(1.) The unsuccessful complainant in C.C. No.30 of 1998 preferred this appeal under Section 255(1) Cr.P.C with leave under Section 378(4) Cr.P.C aggrieved by the Judgment dated 09.01.2002 adjudged by the learned Judicial Magistrate of the First Class, Yellandu.
(2.) The complainant filed the private complaint case under Section 200 Cr.P.C for the offence punishable under Section 138 of the Negotiable Instruments Act, 1881 (in short, 'the Act') against the accused based on a dishonoured cheque dated 16.09.1997 for an amount of Rs.50,000/-. The cheque said to have been drawn by the accused in his favour in lieu of the promissory note executed on 01.08.1994 undertaking to pay a sum of Rs.35,000/- with interest at 24% p.a. thereon. From the averments of the complaint, when said cheque presented through their banker the same was returned dishonoured on the ground of "the account was closed". Ex.P-2 is the bank voucher and Ex.P-3 and P-4 are memos. On the strength of the same the complainant issued Ex.P-5 legal notice dated 28.10.1997 and same was returned which was disclosed by Ex.P-7. The case was taken on file and cognizance against the accused for the offence under Section 138 of the Act. On appearance of the accused and after pleaded not guilty in examination under Section 251 Cr.P.C, trial was conducted as a summons case.
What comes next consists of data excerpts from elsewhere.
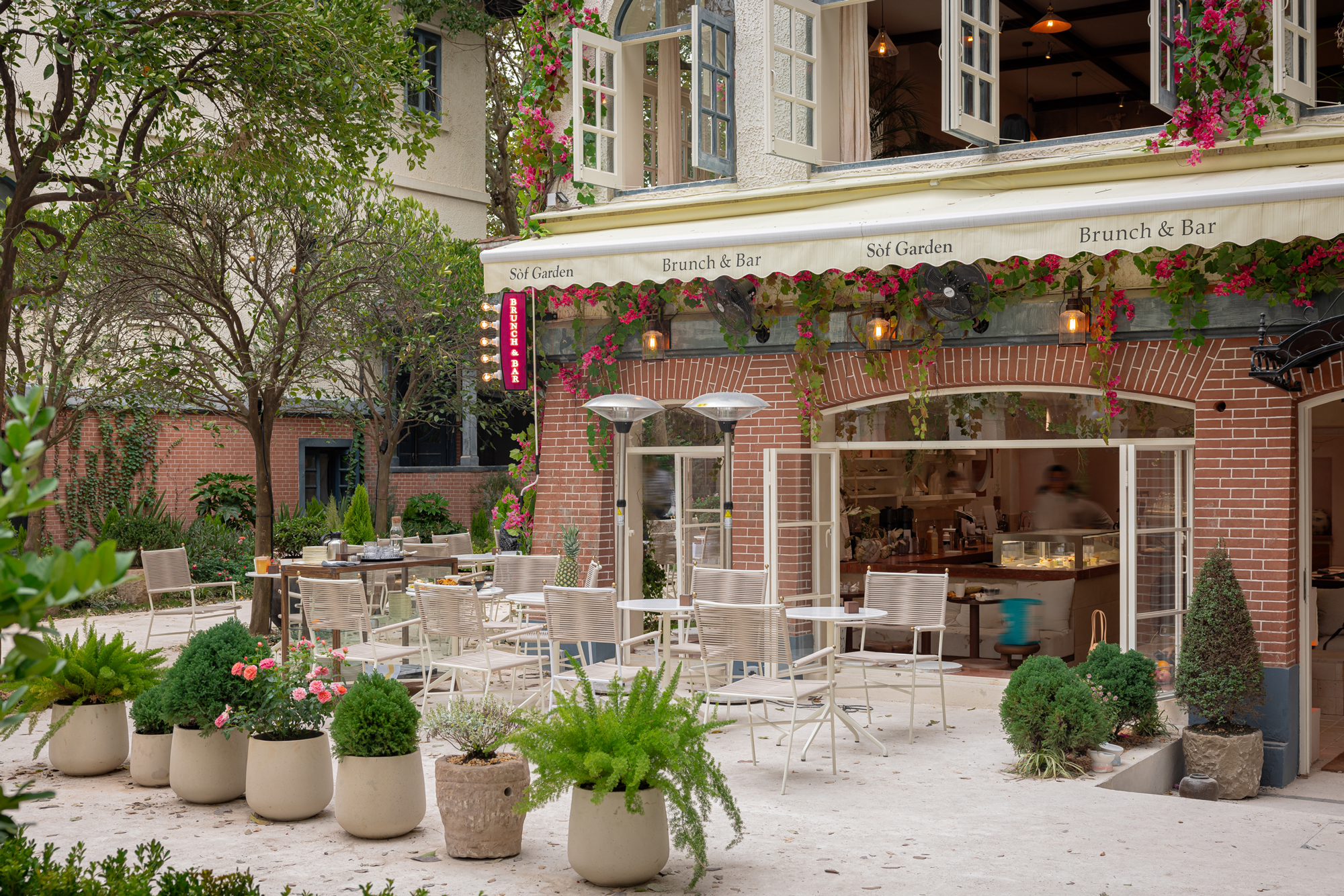 上下四层的美学空间与偌大的花园用餐区,诠释了一种“慢下来”的生活方式。从早上的咖啡、下午的Brunch到晚上的餐酒,店里提供全天候的All day美食理念,让你待一整天都不会腻。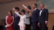 CANNES, FRANCE - MAY 24: Anouk Grinberg, Louis Garrel, Noémie Merlant, Roschdy Zem, Anne-Dominique Toussaint and Jean-Claude Pautot attends the 75th Anniversary celebration screening of "The Innocent (L'Innocent)" during the 75th annual Cannes film festival at Palais des Festivals on May 24, 2022 in Cannes, France. (Footage by Ming Yeung/Getty Images)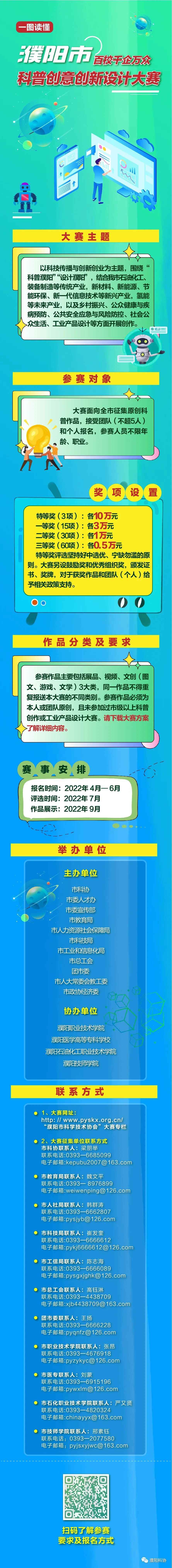 据大赛组委会工作人员介绍,此次大赛以“科技传播与创新创业”为主题,围绕“科普濮阳”“设计濮阳”,结合我市石油化工、装备制造等传统产业,新材料、新能源、节能环保、新一代信息技术等新兴产业,氢能等未来产业,以及乡村振兴、公众健康与疾病预防、公共安全应急与风险防控、社会公众生活、工业产品设计等方面开展创作。

From said evidence of complainant as P.W-1 coupled with the officer of the Bank as P.W-2 in proof of the dishonoured cheque and P.W-3 is the Assistant Director, Forensic Science Laboratory with reference to Exs.P-8 to P-13 requisition, opinion along with reasons, photo chart and negatives regarding the signature opining that of the accused, the case was ended in acquittal on the finding of guilt not proved holding that the account was closed much earlier to the issuing of cheque and hence, the accused cannot be prosecuted though the cheque was dishonoured.
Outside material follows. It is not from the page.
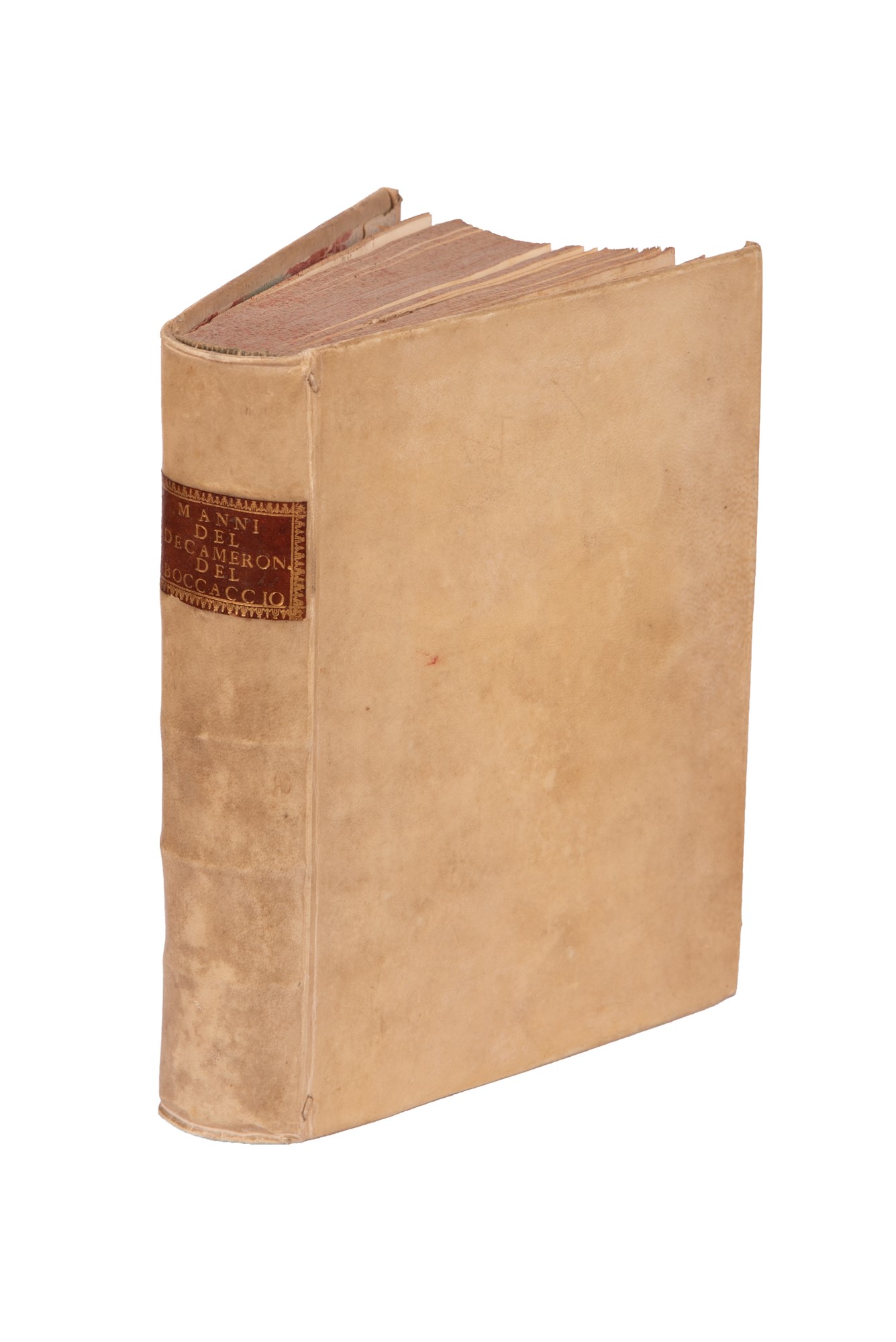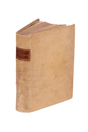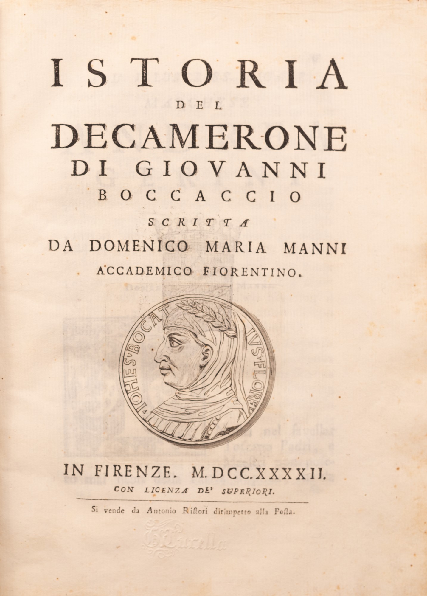 DESCRIZIONE: XXX, 672 [i.e. 678], [2] p., [2] carte di tav. di cui 1 ripiegata : ill. ; 4º, legatura in piena pergamena coeva con titoli in oro al dorso, volume completo e ben conservato tranne una macchia di umido che interessa le ultime 60 pagine e le prime tre e che ha intaccato la legatura posteriormente, piccoli restauri alle prime pagine ed al frontespizio. Ritratto del Boccaccio su medaglione al front., 2 tavv. f.t. di cui la prima in legno e la seconda ripieg. in rame (queste ultime ritraggono rispettivamente la casa del Boccaccio e lo splendido epitaffio del poeta, che tradizione vuole essere stato pronunciato dal poeta stesso sul letto di morte). Alcune xilogr. raffiguranti sigilli n.t. Ricercata biografia del Boccaccio, la più bella e documentata mai andata alle stampe, che ampliò e corresse i lavori analoghi compilati in precedenza da Girolamo Squarcifico, Giannozzo Manetti e Filippo Villani. I primi XXXV capi di questa meritoria fatica del Manni ci danno informazioni distinte toccanti nascita, patria, studi, viaggi, impieghi e morte del poeta. Rilevante a questo riguardo anche le informazioni intorno ai legati e alle esecuzioni testamentarie, dalle quali apprendiamo aver il Boccaccio lasciato tutti i suoi libri al padre Martino da Signa, maestro di teologia nel Convento di Santo Spirito in Firenze. La seconda parte dell'opera è dedicata a spiegare separatamente ciascuna delle cento novelle che compongono il Decamerone, la terza e ultima parte è impiegata a illustrare e raffrontare le diverse redazioni manoscritte dell'opera.

(3.) The learned counsel for the appellant contended that the learned Magistrate committed grave error in acquitting the accused instead of finding guilty for the offence made out from the cheque issued, for the subsisting debt, was dishonoured, even notice issued cause managed from deemed service, the offence made out and cause of action subsists within the meaning of Section 142 read with 138 of the Act of an offence shall be deemed to have been committed with respect to presumption under Section 139 and 118(a) of the Act and to set aside the finding of the learned Magistrate in acquittal and to convict the accused.